→ The task
For this exercise, return exactly the lines of the material below that begin at the one with "247, 248, 251." and stop after the one with "În documentul care".

→ Data listing
____
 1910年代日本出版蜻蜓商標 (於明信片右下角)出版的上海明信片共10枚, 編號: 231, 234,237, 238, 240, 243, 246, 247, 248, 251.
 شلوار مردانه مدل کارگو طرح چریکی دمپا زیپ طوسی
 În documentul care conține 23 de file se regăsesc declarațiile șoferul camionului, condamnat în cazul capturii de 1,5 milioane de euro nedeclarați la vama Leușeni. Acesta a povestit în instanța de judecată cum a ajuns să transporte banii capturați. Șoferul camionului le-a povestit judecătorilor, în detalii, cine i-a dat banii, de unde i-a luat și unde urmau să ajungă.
____
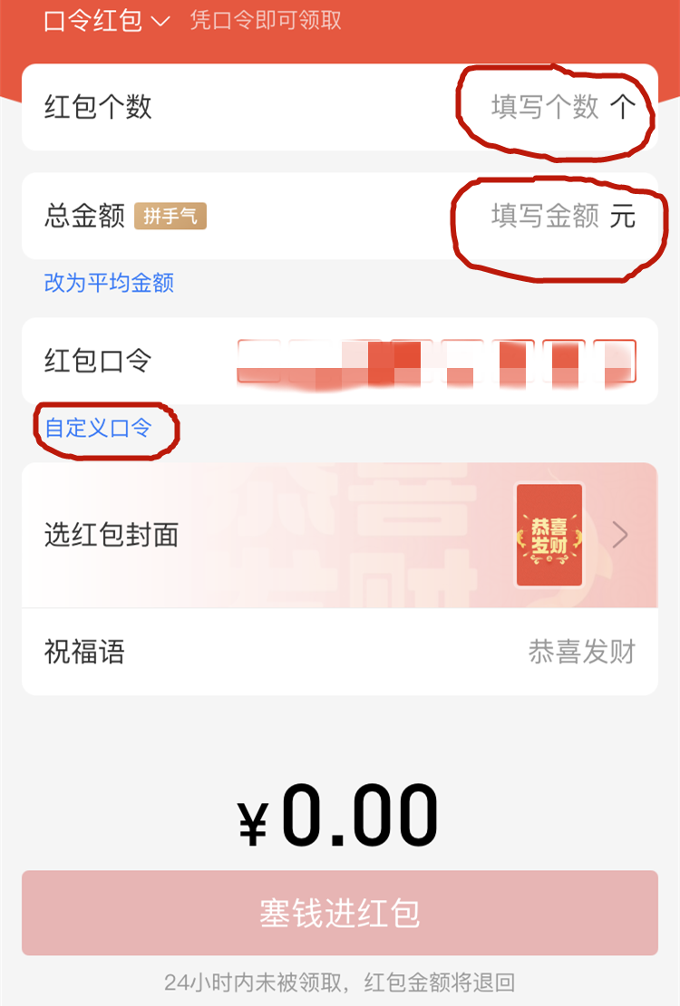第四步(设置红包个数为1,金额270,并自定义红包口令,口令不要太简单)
____
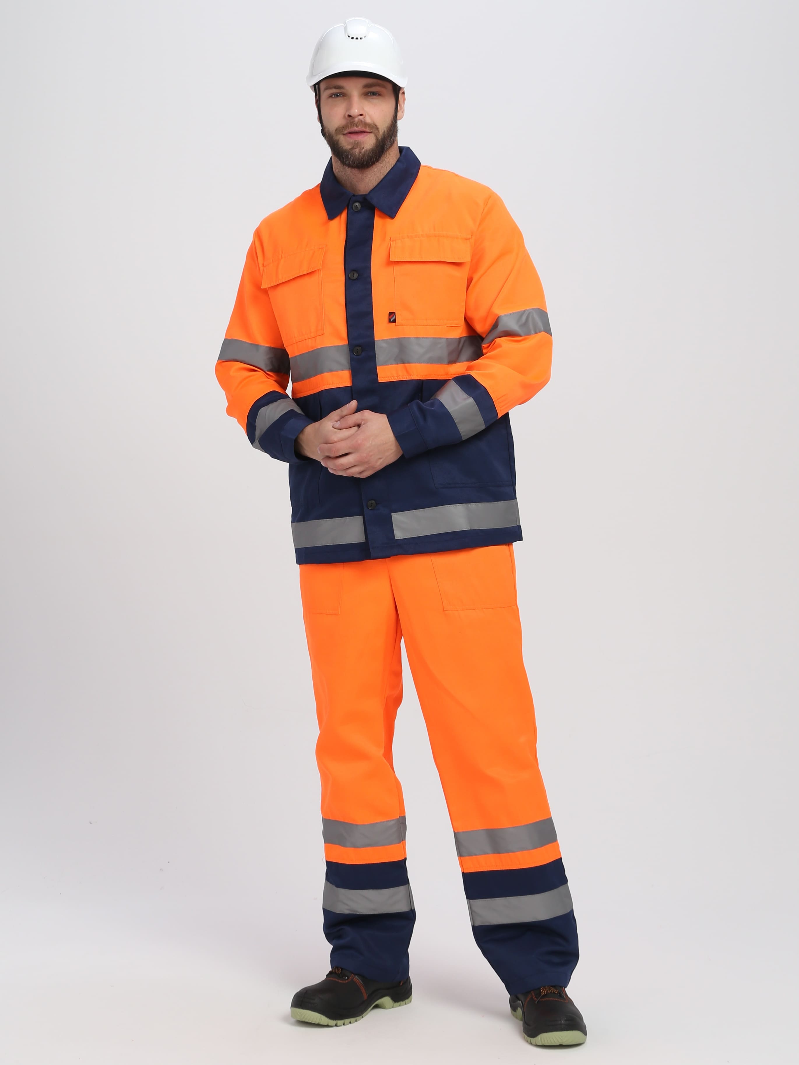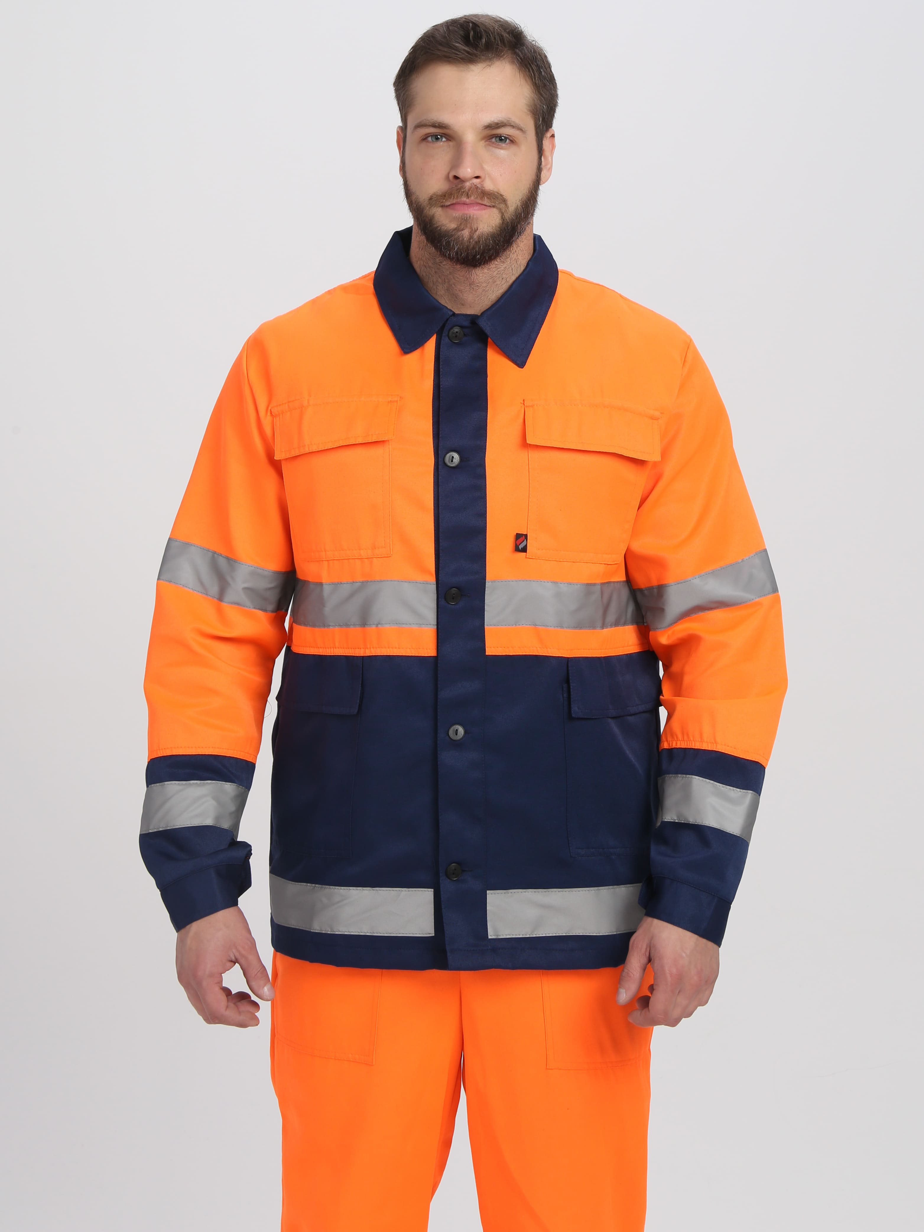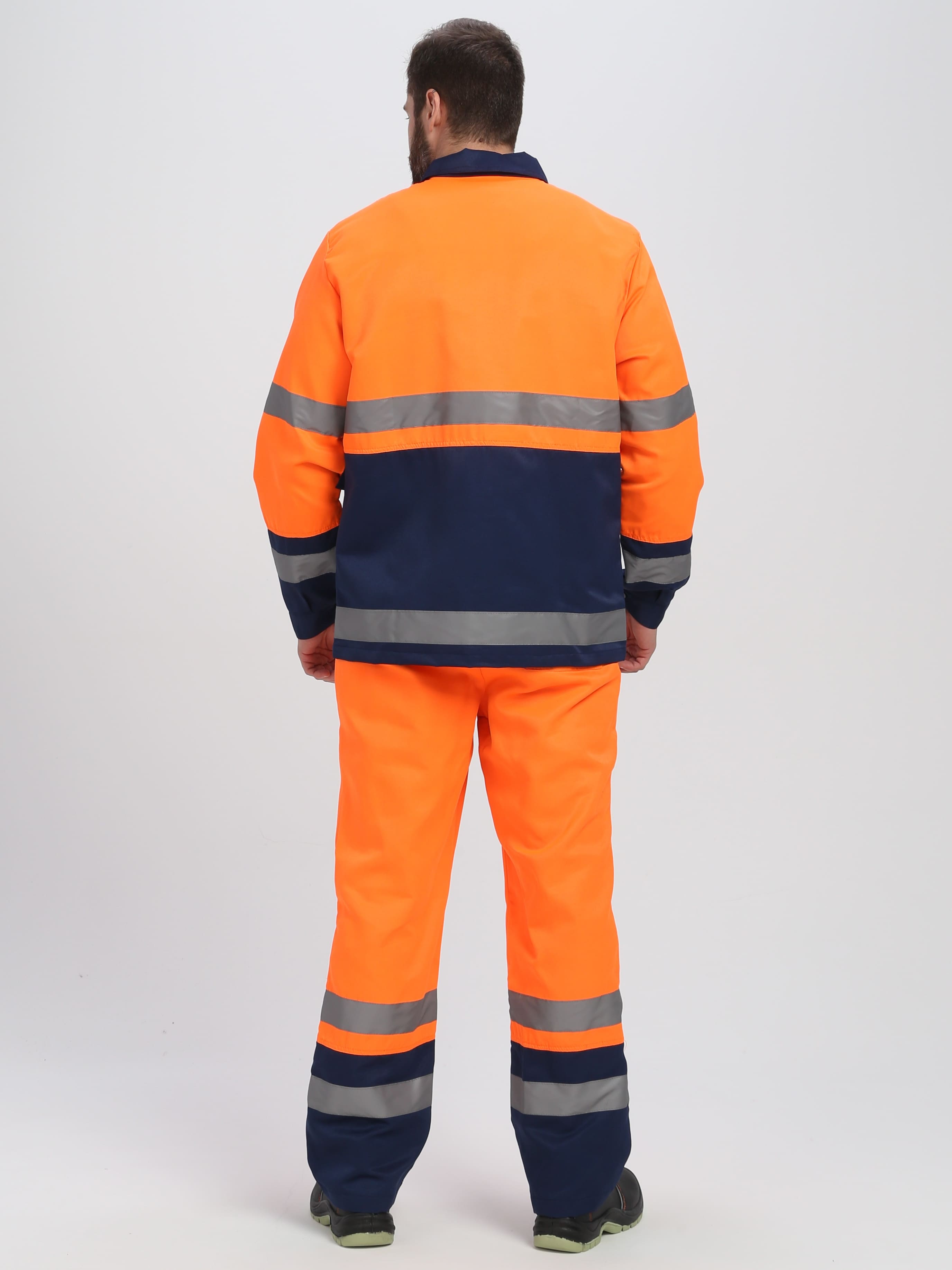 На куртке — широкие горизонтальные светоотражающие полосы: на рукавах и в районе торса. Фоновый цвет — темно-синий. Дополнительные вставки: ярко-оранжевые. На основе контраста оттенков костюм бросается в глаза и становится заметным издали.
____
→ Answer to the problem
 1910年代日本出版蜻蜓商標 (於明信片右下角)出版的上海明信片共10枚, 編號: 231, 234,237, 238, 240, 243, 246, 247, 248, 251.
 شلوار مردانه مدل کارگو طرح چریکی دمپا زیپ طوسی
 În documentul care conține 23 de file se regăsesc declarațiile șoferul camionului, condamnat în cazul capturii de 1,5 milioane de euro nedeclarați la vama Leușeni. Acesta a povestit în instanța de judecată cum a ajuns să transporte banii capturați. Șoferul camionului le-a povestit judecătorilor, în detalii, cine i-a dat banii, de unde i-a luat și unde urmau să ajungă.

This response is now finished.